If you're familiar with front-end development, another example is the succinct state management in Svelte(opens in new tab), compared to the more verbose state management in React(opens in new tab). As the meme(opens in new tab) goes…
Sure, Svelte's approach is way more easier to understand initially, but it's not much different. It's just that the complexity is hidden away from you and deemed "magic."
As with everything magical, there are the pitfalls, which the Svelte team has acknowledged with their new runes feature(opens in new tab):
The reality is that as applications grow in complexity, figuring out which values are reactive and which aren't can get tricky. And the heuristic only works for let declarations at the top level of a component, which can cause confusion. Having code behave one way inside
.svelte
files and another inside.js
can make it hard to refactor code, […]
To be clear, this is not me trying to hate on Svelte. I'm just saying that it's all a trade-off. You either:
-
spend time initially to learn and then write code that is more or less boilerplate, or
-
spend time later to debug internal behind-the-scenes framework logic you're unaware of.

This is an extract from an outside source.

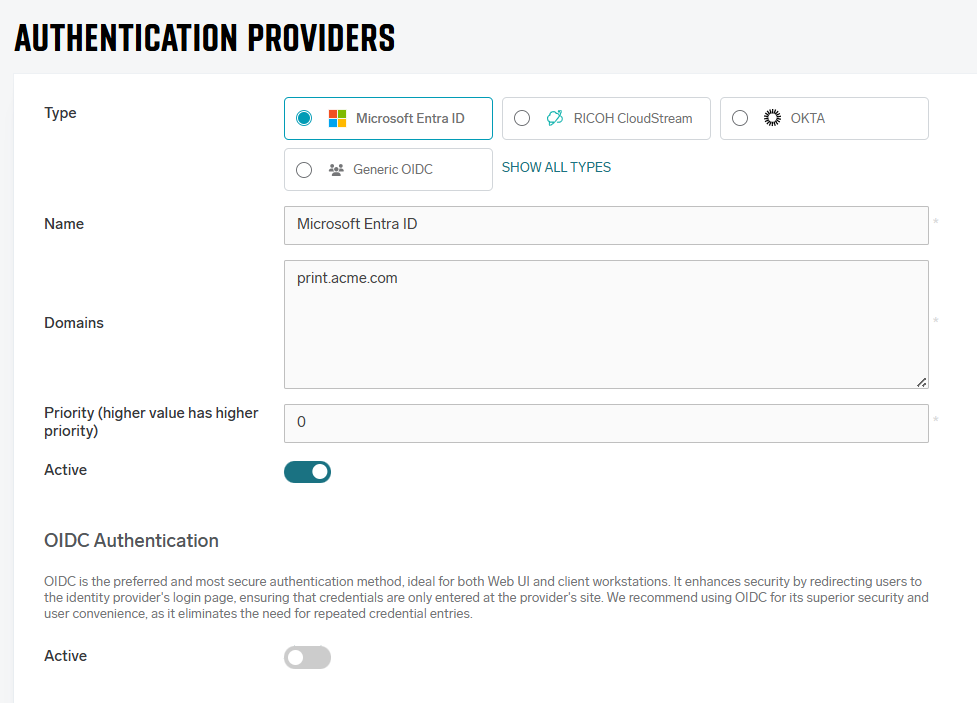 Active – If enabled, the authentication provider will be used for authentication. If disabled, this authentication provider will not be used for authentication. You can use this to disable the Authentication provider temporarily.
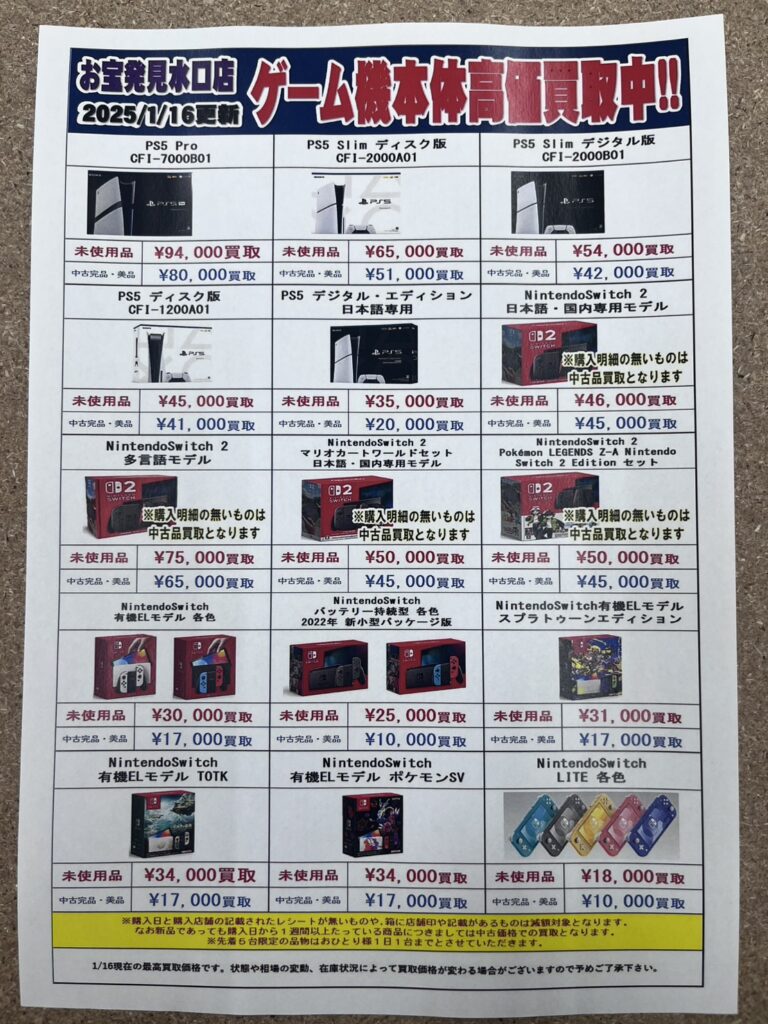 ゲーム本体買取価格更新しました🎮 ※2026/1/16現在の価格となり…

I personally prefer to write a few extra lines, compared to debugging, reading docs, and digging into source code. Even if you can make the magic work for you, you can't be sure for how long it's going to last, so you still have to think about it. And as I suggested in the beginning with my credit card and noise cancellation examples, the whole point of things that work like magic is to not think about them.
Rather than trying to sweep complexity under the rug, I think it's better to just build strong boundaries around it, help developers understand it, give them control over it, and throw errors when the aforementioned boundaries are violated. Perhaps Rust's excellent error handling(opens in new tab) is one of the reasons it's the most admired programming language in 2023(opens in new tab).
There are many more examples where languages, libraries, and frameworks attempt to help us by introducing clever APIs that make assumptions… and cause immense headaches as a result. The problem with the "it just works" mentality is that there will come a time when "it" will inevitably cease to "just work."
Conclusion
Software is built by humans and humans make mistakes. Therefore, software should be everything but magic. It shouldn't be overly concise and clever — it should be explicit and predictable. It shouldn't make assumptions — it should throw errors.
Magic exists only in fantasy books. Behind every magical user experience there is plenty of not-so-magical machinery. As developers, we are the ones who build that machinery. We don't use the magic. We make the magic. If we try to combine both, we may get unpredictable and unintended results, so the magic in our code can ruin the magic for the end-user. Make the final product magical, not the software that runs it.